Selon Patricia, l'étudiante "souffre d'hypertension, d'insomnie, de maux de tête en raison de la chaleur". "Elle n'en peut plus", dit-elle.

Dans cette prison est également détenue Lucia Pineda, directrice de l'information de la chaîne 100% noticias, fermée par le gouvernement et dont le propriétaire, Miguel Mora, est également derrière les barreaux.

Carlos Silva, un joueur de basket de 43 ans, n'est pas non plus serein depuis son retour chez lui. "Je ne me sens toujours pas libre, j'ai l'impression que, désormais, ils vont me surveiller davantage (...) j'ai peur", confie-t-il à l'AFP dans sa modeste maison.

Le quadragénaire a été arrêté en août alors qu'il rentrait d'un match dans la capitale. Il raconte comment des hommes armés l'ont obligé à courir nu devant eux, alors qu'il se trouvait en détention préventive. "J'ai cru qu'ils allaient me tuer", dit-il.

Il a été condamné à deux ans de prison pour mise en danger de la vie d'autrui et blocage de route. Lui dit que son seul crime est d'avoir participé à "presque toutes les manifestations" anti-gouvernementales.

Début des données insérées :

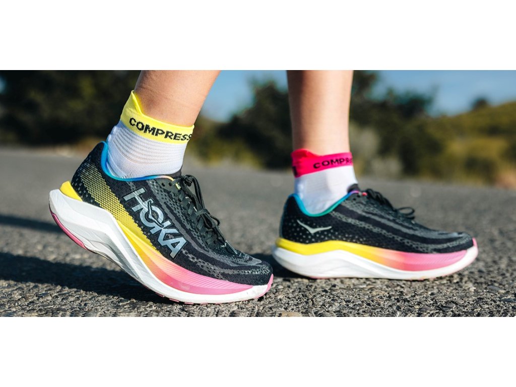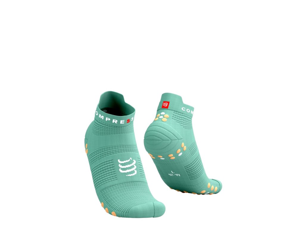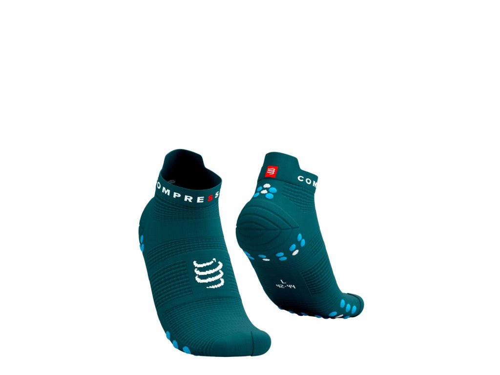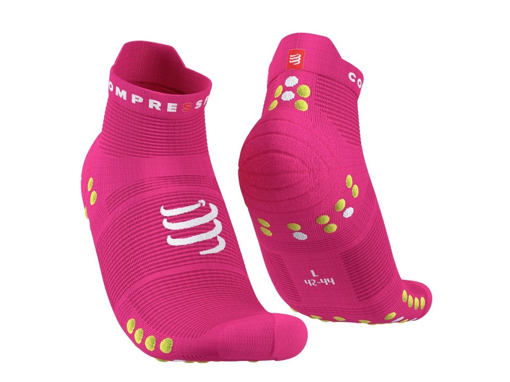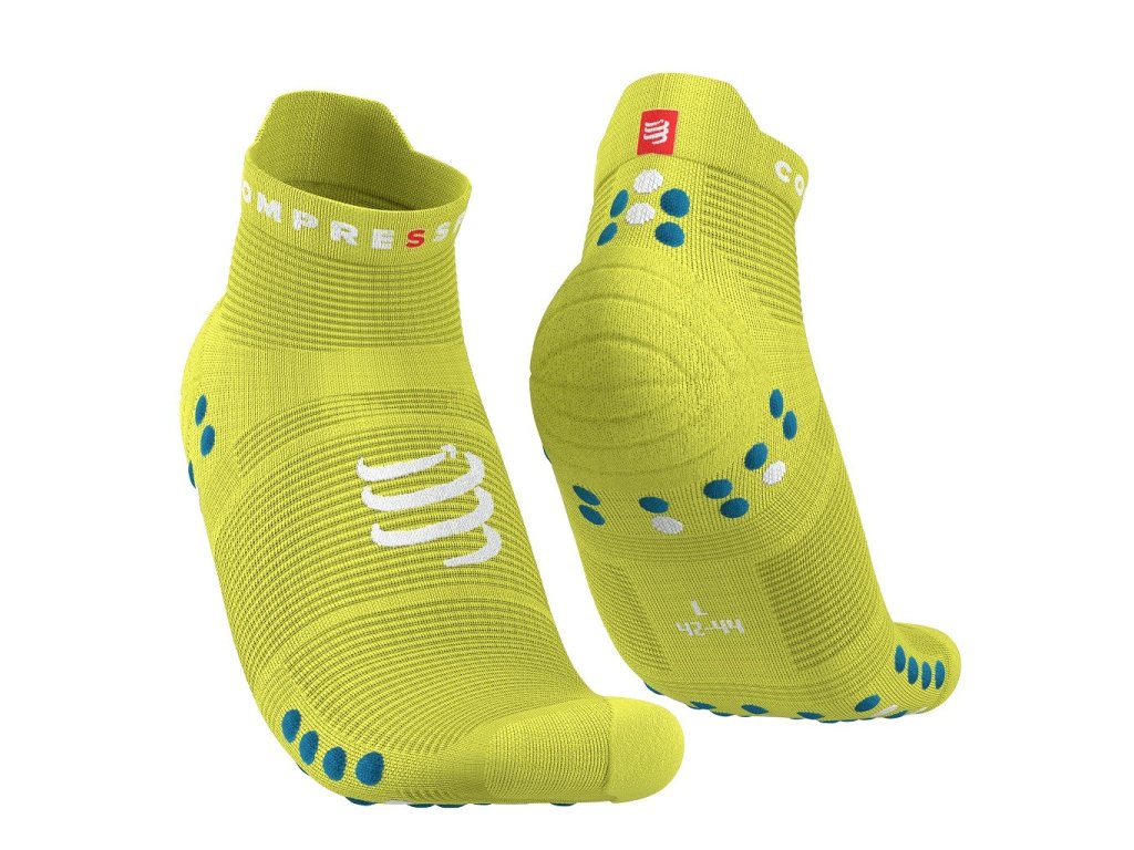 Nová generace ikonických běžeckých ponožek od značky COMPRESSPORT nabízí vynikající pohodlí, ještě lepší eliminaci puchýřů a optimální ventilaci při jakémkoliv vašem běhu! Nová generace ikonických běžeckých ponožek od značky COMPRESSPORT nabízí vynikající pohodlí, ještě lepší eliminaci puchýřů a optimální ventilaci při jakémkoliv vašem běhu! Lidské výkony se posunují a s nimi i běžecké ponožky. Na začátku vývoje zcela nové generace nejprodávanějších ponožek značky COMPRESSPORT byli osloveni běžci od hobíků až po profíky, aby tyto ponožky vzešly z jejich potřeb a očekávání. Výsledkem jsou běžecké ponožky navržené speciálně tak, aby nabízely optimální provzdušnění, aby maximálně eliminovaly vznik puchýřů a aby byly alespoň minimálně tak pohodlné, jako jejich předchozí řada V3.0. Použitá tkanina je lehká, prodyšná, rychle odvádí vlhkost a pot, čímž vaše nohy zůstanou svěží a v suchu i v těch nejteplejších podmínkách. Zcela nová špička nabízí ergonomičtější přizpůsobení vašim prstům i vylepšenou propriocepci, což umožní prstům intuitivní polohu při dopadu pro plynulý, přirozený krok. Oblast palce je navíc obohacena froté vycpávkou pro eliminaci zčernalých nehtů při delších bězích. Totožná technologie je umístěna také v oblasti paty. Podpora klenby je samozřejmostí. Nejenže podporuje mikrocirkulaci, ale především zabraňuje kroucení ponožky uvnitř boty. Ponožka tak zůstane přesně na svém místě a zároveň předchází vzniku puchýřů a nepříjemných otlačenin. Achillova šlacha je chráněna patentovanými výstupky. Již známé 3D DOTS nově doplňují i takzvané FLAT DOTS, které zlepšují ventilaci. Oboje výstupky dále nalezneme v oblasti bříšek a paty. 3D DOTS (75 %) a FLAT DOTS (25%) tlumí nárazy chodidel, nabízí lepší přilnavost k botě a zlepšují celkové provzdušnění. V neposlední řadě zaručují mikrostimulaci, která pomáhá zvýšit žilní průtok a oddálit tak únavu s narůstajícími kilometry. V oblasti od kotníku až po vrchní lem ponožky jsou navrženy ventilační pruhy pro maximální provzdušnění. Ergonomický „jazýček” v zadní části vrchního lemu dodává těmto high-tech ponožkám nádech pohodlí a elegantního designu, který jde ruku v ruce s výkonnostním DNA značky COMPRESSPORT.Doplňkové parametry

Il a passé six mois dans la prison La Modelo, dans l'est de la capitale, avec 130 autres opposants qui, raconte-t-il, sont régulièrement dénudés, insultés, frappés quand ils chantent l'hymne national, devenu le chant de ralliement contre le pouvoir.

La nourriture est aussi "très mauvaise" et provoque de nombreux problèmes de santé chez les prisonniers.

Carlos Silva dit ne pas croire à la volonté de dialogue du président Daniel Ortega, 73 ans, au pouvoir depuis 2007 et que les opposants accusent d'avoir instauré une dictature.

"C'est un dictateur, il essaie de gagner du temps".